> _TASK DESCRIPTION_: Write exactly the lines running from the start of the material below to the line that includes "Leche vainilla con", and include no pictures.

> _DATA RECORDS_:

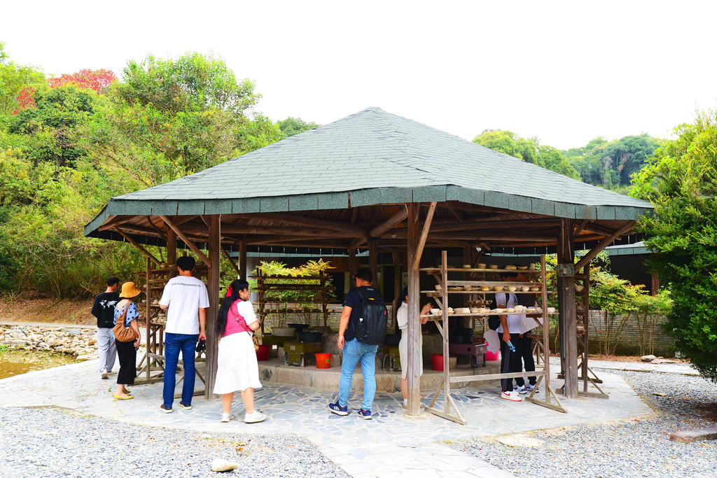主题园中有个园中园,叫乐陶园,直白地说就是现场拉坯,我们很多人玩过,把一团泥巴慢慢地转成一个碗,一个杯子,或者自己想要的形状。小时候天天玩泥巴,我的童年快乐是泥巴给的,只是没有今天这个电动底盘,上次在吉州窑体验拉胚时被师傅评为第1名。
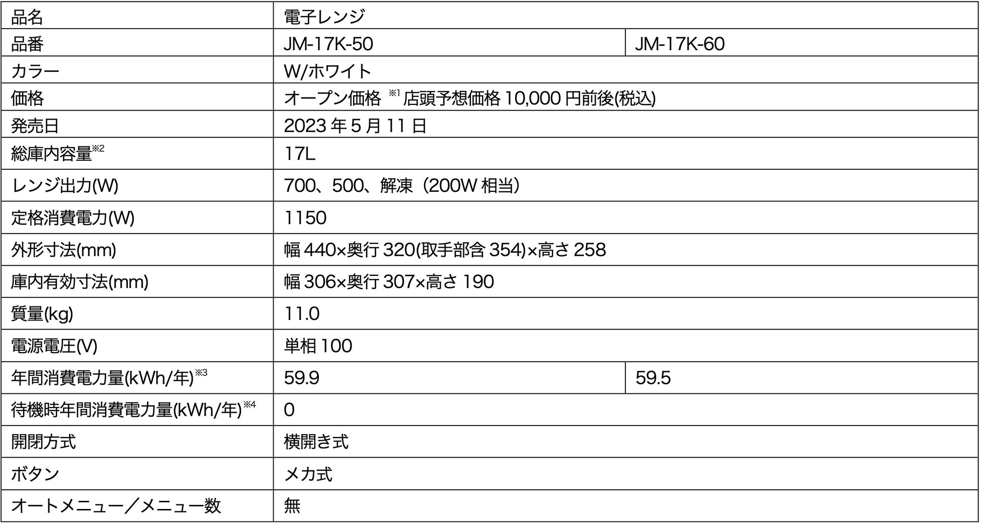 する17L電子レンジ(JM-17K-50、JM-17K-60)を2023年5月11日より、全国の家電量販店、ホームセンター、GMS、WEB通販などで順次発売いたします。
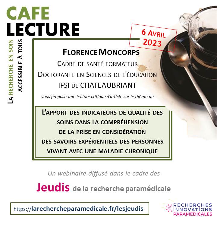 Le 6 avril 2023, Florence MONCORPS présentera une lecture critique de l’article » Des enquêtes de satisfaction aux patient-reported outcomes « . Minvielle, É., Fourcade, A., & Ferrua, M. (2019).Risques & Qualité
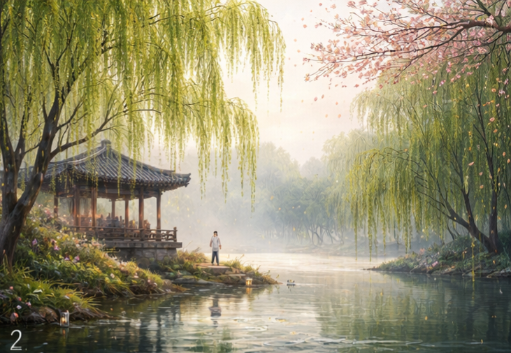 버들은 푸르게 물들고, 바람은 아무 일도 없다는 듯 누각을 스칩니다.
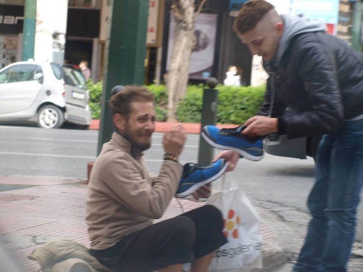 Megkérdezték a hajléktalan férfit hogy mire lenne legnagyobb szüksége,amire ő azt válaszolta hogy egy pár cipőre.Elsírta magát a hajléktalan férfi,mikor a fiatal srác egy pár vadi új cipőt adott neki.
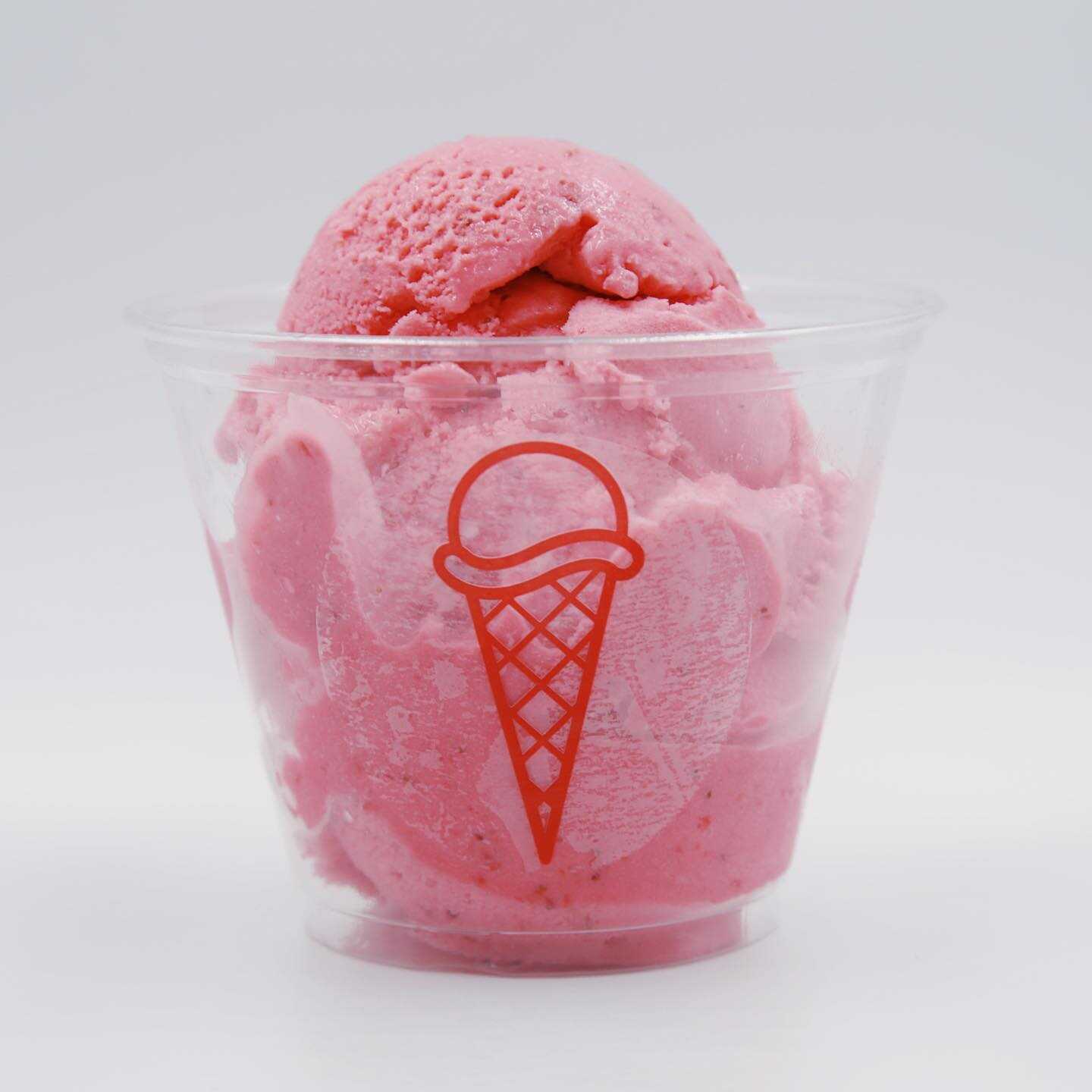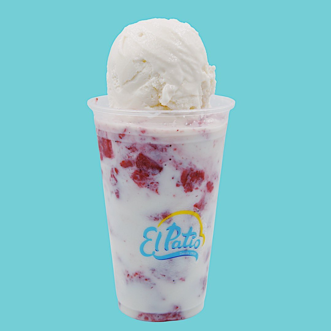 Leche vainilla con frutas, nieve de vainilla y mermelada.
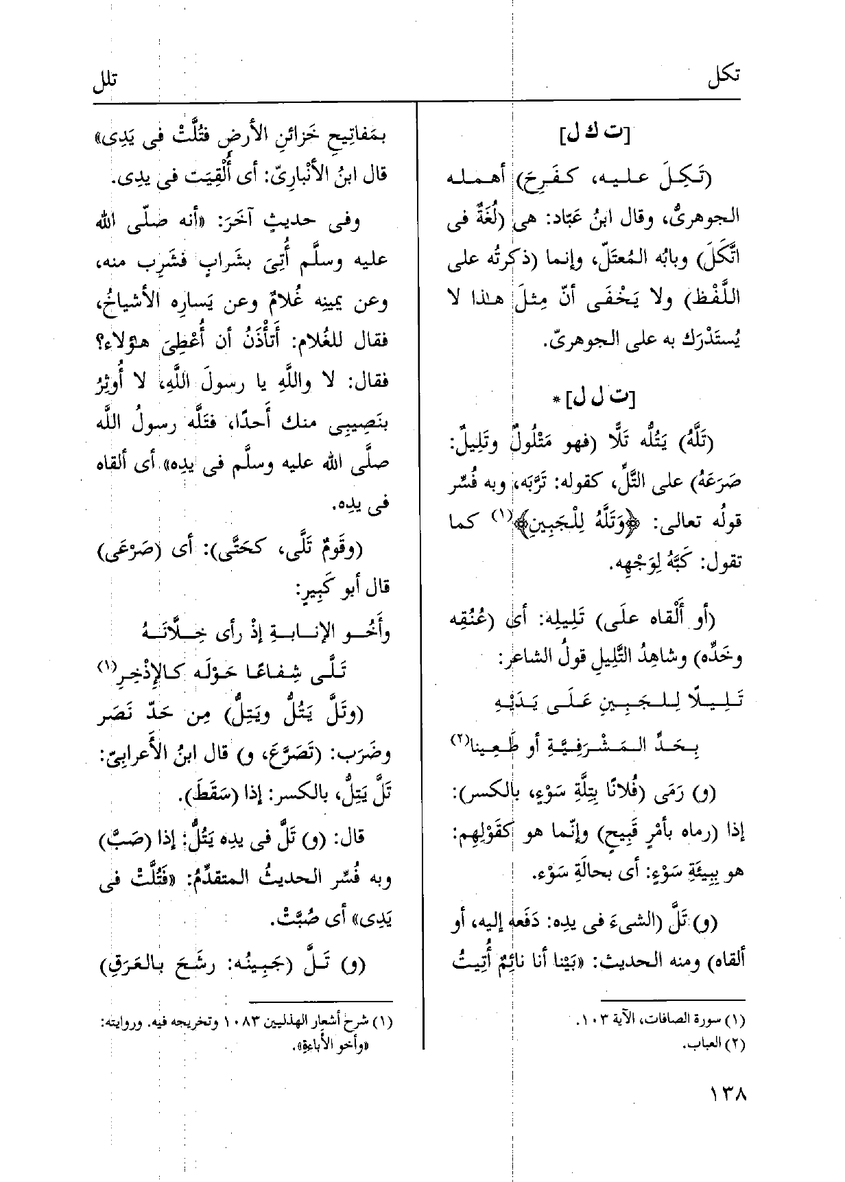 رَمَى فُلاناً} بِتِلَّةِ سَوْءٍ، بِالْكَسْرِ: إِذا رَمَاه بأمْرٍ قَبِيحٍ وإنّما هُوَ كقَوْلِهِم: هُوَ بِبِيئَةِ سَوْءٍ: أَي بحالَةِ سَوْء. (و) {تَلَّ الشَّيْء فِي يدِه: دَفَعه إِلَيْهِ، أَو أَلْقَاهُ وَمِنْه الحَدِيث: بَيْنا أَنا نائِمٌ أُتِيتُ بمَفاتِيحِ خَزائنِ الأَرْض فتُلَّتْ فِي يَدِي قَالَ ابنُ الأنْبارِيّ: أَي ألْقِيَت فِي يدِي. وَفِي حديثٍ آخَرَ: أَنه صلّى الله عَلَيْهِ وسلَّم أُتِىَ بشَرابٍ فشَرِب مِنْهُ، وَعَن يمينِه غُلامٌ وَعَن يَسارِه الأشياخُ، فَقَالَ للغُلام: أَتأْذَنُ أَن أُعْطِيَ هَؤُلَاءِ فَقَالَ: لَا واللَّهِ يَا رسولَ اللَّهِ، لَا أُوثِرُ بنَصِيبِي مِنْك أَحداً،} فتَلَّه رسولُ اللَّه صلَّى الله عَلَيْهِ وسلَّم فِي يدِه أَي أَلْقَاهُ فِي يدِه. وقَومٌ {تَلَّى، كحَتَّى: أَي صَرْعَى قَالَ أَبُو كَبِيرٍ:
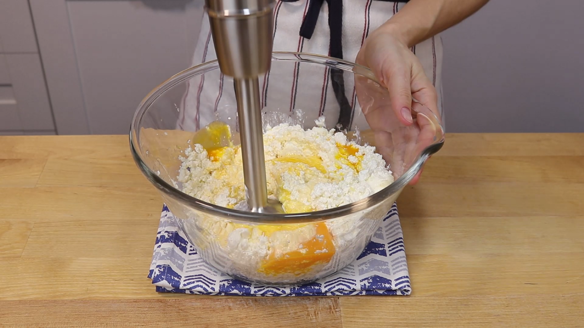Білки відокремлюю від жовтків. Жовтки кладу до сиру. Сир із усіма інгредієнтами змішую занурювальним блендером.
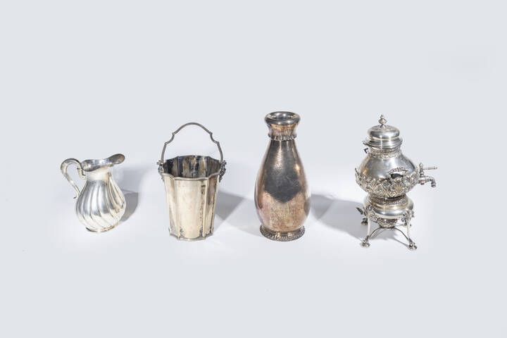 Peso gr 6560 7 composto da -1 samovar con corpo bombato coperchio con presa geometrica (cerniera di raccordo rotta). Peso gr 2421 1 -1 brocca con corpo bombato e lavorato a torchon. Peso gr 870 4 -1 secchiello per bottiglia firmato Miracoli. Peso gr 1687 2 -1 grande vaso con corpo bombato. Peso gr 1582
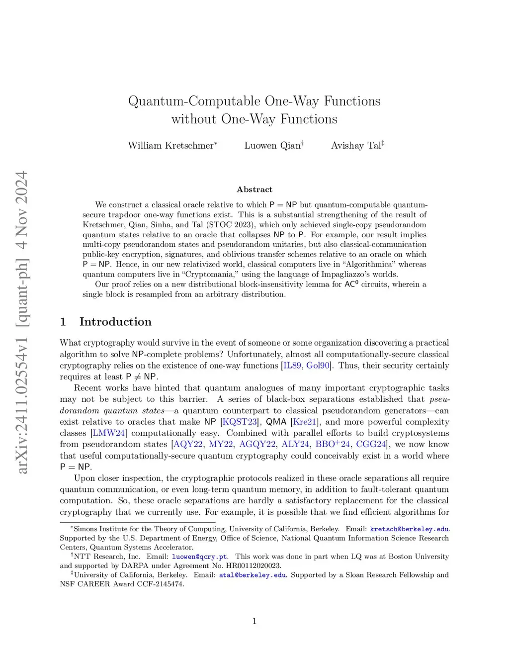 We construct a classical oracle relative to which but quantum-computable quantum-secure trapdoor one-way functions exist. This is a substantial strengthening of the result of Kretschmer, Qian, Sinha, and Tal (STOC 2023), which only achieved single-copy pseudorandom quantum states relative to an oracle that collapses to . For example, our result implies multi-copy pseudorandom states and pseudorandom unitaries, but also classical-communication public-key encryption, signatures, and oblivious transfer schemes relative to an oracle on which . Hence, in our new relativized world, classical computers live in "Algorithmica" whereas quantum computers live in "Cryptomania," using the language of Impagliazzo's worlds. Our proof relies on a new distributional block-insensitivity lemma for circuits, wherein a single block is resampled from an arbitrary distribution.
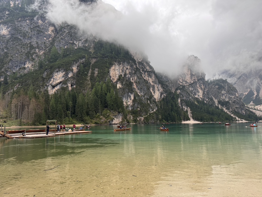 이날, 드디어 그토록 기대하던 브라이에스 호수를 만났습니다. 말로 형언할 수 없을 만큼 황홀했어요! 호수 둘레길과 산책로를 걷는 내내, 푸른 하늘 아래 깎아지른 듯한 돌로미티의 웅장한 봉우리들이 호수 표면에 거울처럼 완벽하게 비치는데, 정말이지 숨이 멎는 줄 알았습니다. 특히 눈부신 에메랄드빛 물빛은 마치 마법에 걸린 듯 심장을 두근거리게 했어요. 사진으로는 절대 담을 수 없는, 그 순간의 벅찬 감동은 제 가슴 속에 영원히 기억될 것 같아요. 평화로운 풍경 속에서 제 모든 감각이 깨어나는 듯한 소중한 경험이었습니다.
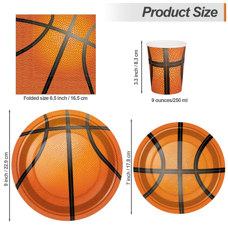 - Basketball theme: featuring the theme of basketball, our party supplies are printed with the pattern of basketball, which is very vivid and in line with the theme of basketball party; you can use these party supplies to decorate the dinner table of your party
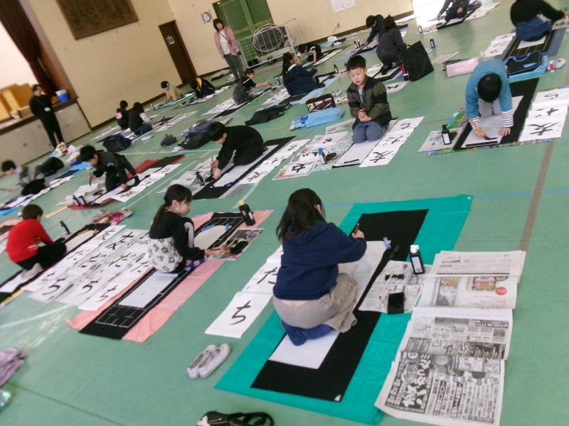 今日は、3・4年生の書き初めでした。3年生は「友だち」、4年生は「美しい空」を一筆一筆書いていきました。
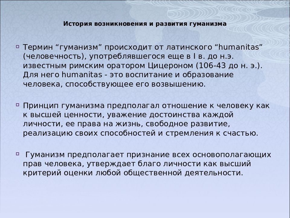 Термин “гуманизм” происходит от латинского “ humanitas ” (человечность), употреблявшегося еще в I в. до н.э. известным римским оратором Цицероном (106-43 до н. э.). Для него humanitas - это воспитание и образование человека, способствующее его возвышению. Принцип гуманизма предполагал отношение к человеку как к высшей ценности, уважение достоинства каждой личности, ее права на жизнь, свободное развитие, реализацию своих способностей и стремления к счастью. Гуманизм предполагает признание всех основополагающих прав человека, утверждает благо личности как высший критерий оценки любой общественной деятельности.
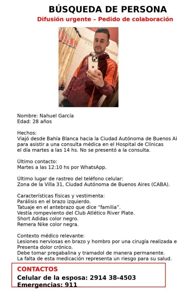 Nahuel tiene parálisis en el brazo izquierdo y un tatuaje en el antebrazo con la palabra “familia”. Al momento de su desaparición vestía un rompeviento de River Plate, short negro Adidas y remera negra Nike.
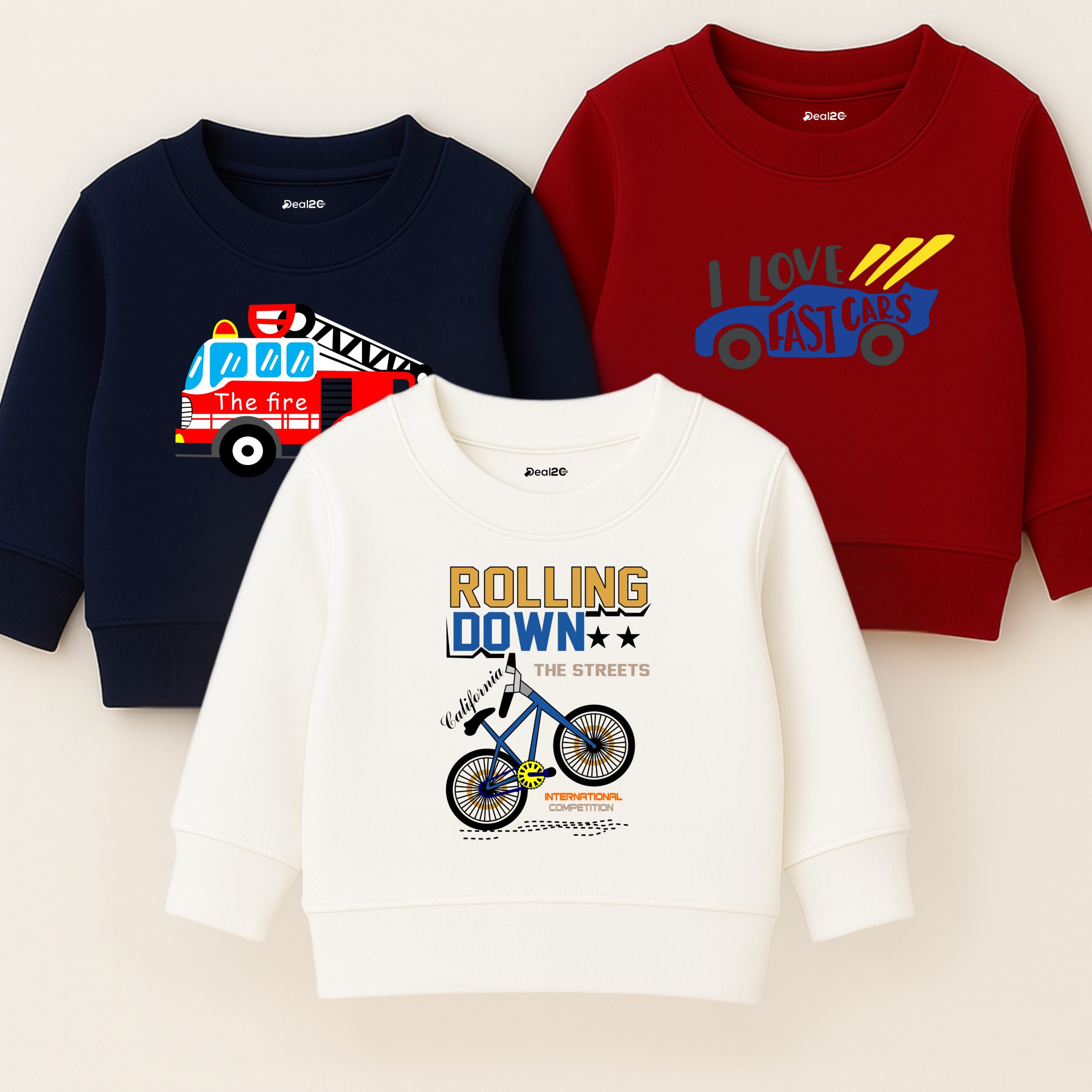 ✅ Pack of 3 Rolling Down the Streets Printed Sweatshirts for Young Kids
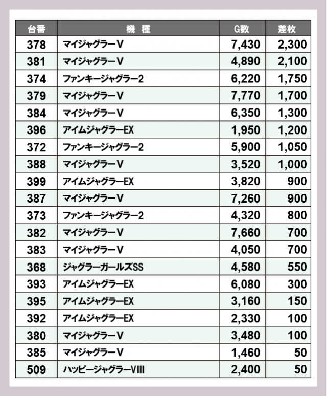 ジャグラー差枚ランキング
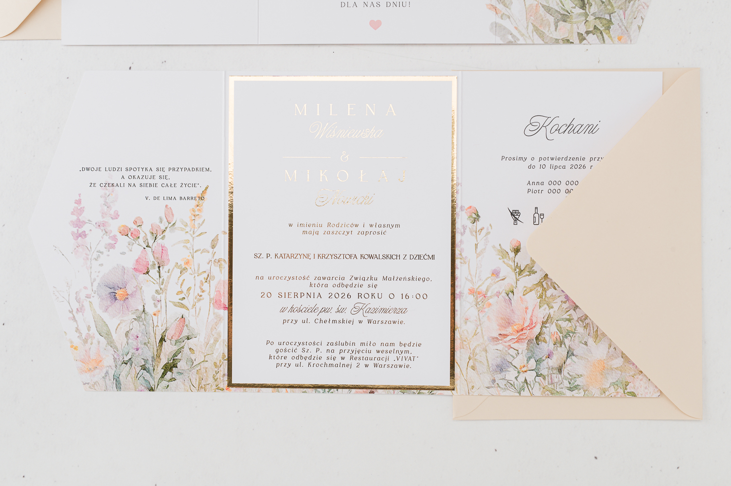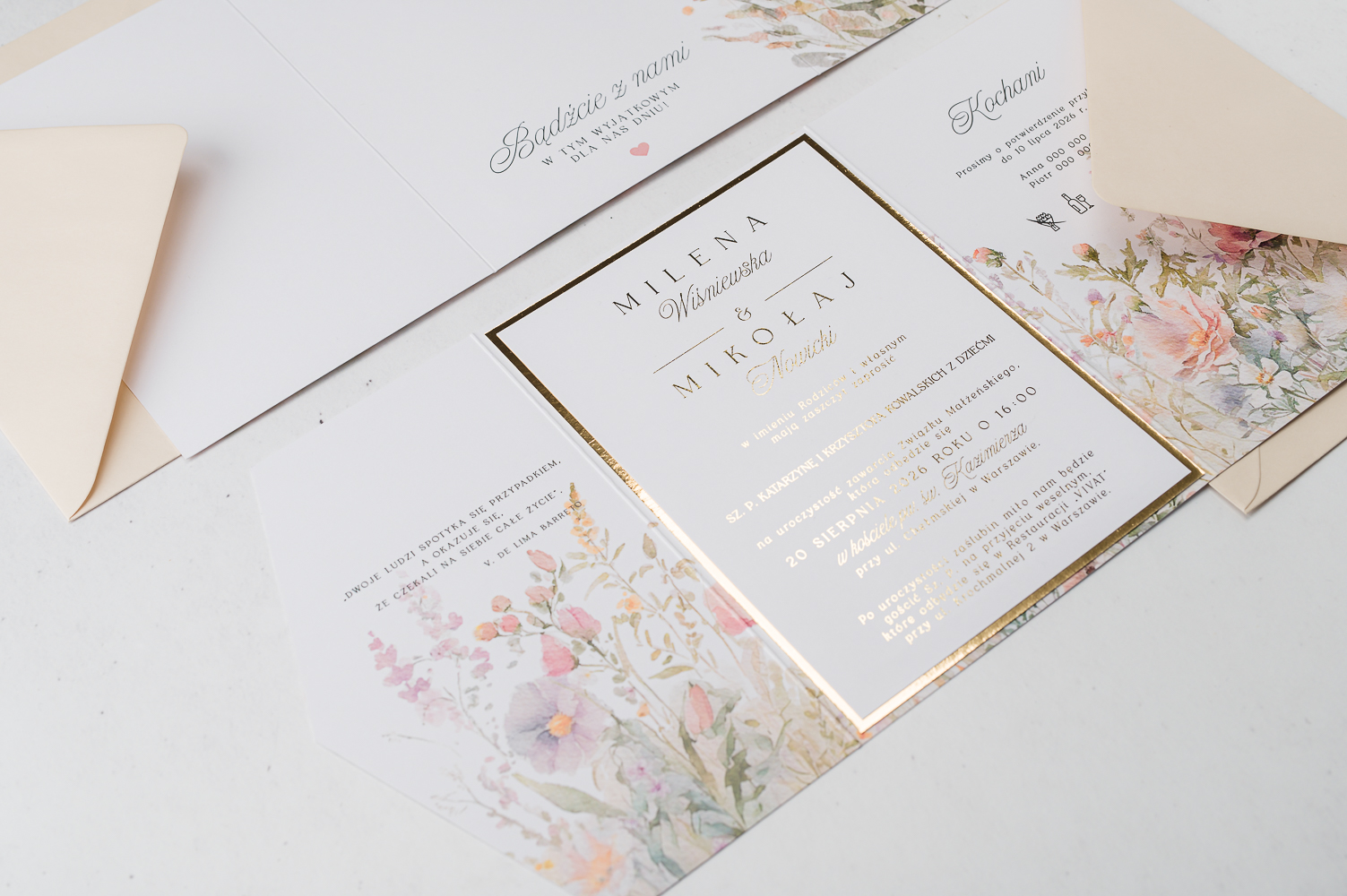 Dodaj pierwszą opinię dla Zaproszenia w kwiatowym folderze ze złoceniem w1

> _EXERCISE OUTPUT_:
主题园中有个园中园,叫乐陶园,直白地说就是现场拉坯,我们很多人玩过,把一团泥巴慢慢地转成一个碗,一个杯子,或者自己想要的形状。小时候天天玩泥巴,我的童年快乐是泥巴给的,只是没有今天这个电动底盘,上次在吉州窑体验拉胚时被师傅评为第1名。
 する17L電子レンジ(JM-17K-50、JM-17K-60)を2023年5月11日より、全国の家電量販店、ホームセンター、GMS、WEB通販などで順次発売いたします。
 Le 6 avril 2023, Florence MONCORPS présentera une lecture critique de l’article » Des enquêtes de satisfaction aux patient-reported outcomes « . Minvielle, É., Fourcade, A., & Ferrua, M. (2019).Risques & Qualité
 버들은 푸르게 물들고, 바람은 아무 일도 없다는 듯 누각을 스칩니다.
 Megkérdezték a hajléktalan férfit hogy mire lenne legnagyobb szüksége,amire ő azt válaszolta hogy egy pár cipőre.Elsírta magát a hajléktalan férfi,mikor a fiatal srác egy pár vadi új cipőt adott neki.
 Leche vainilla con frutas, nieve de vainilla y mermelada.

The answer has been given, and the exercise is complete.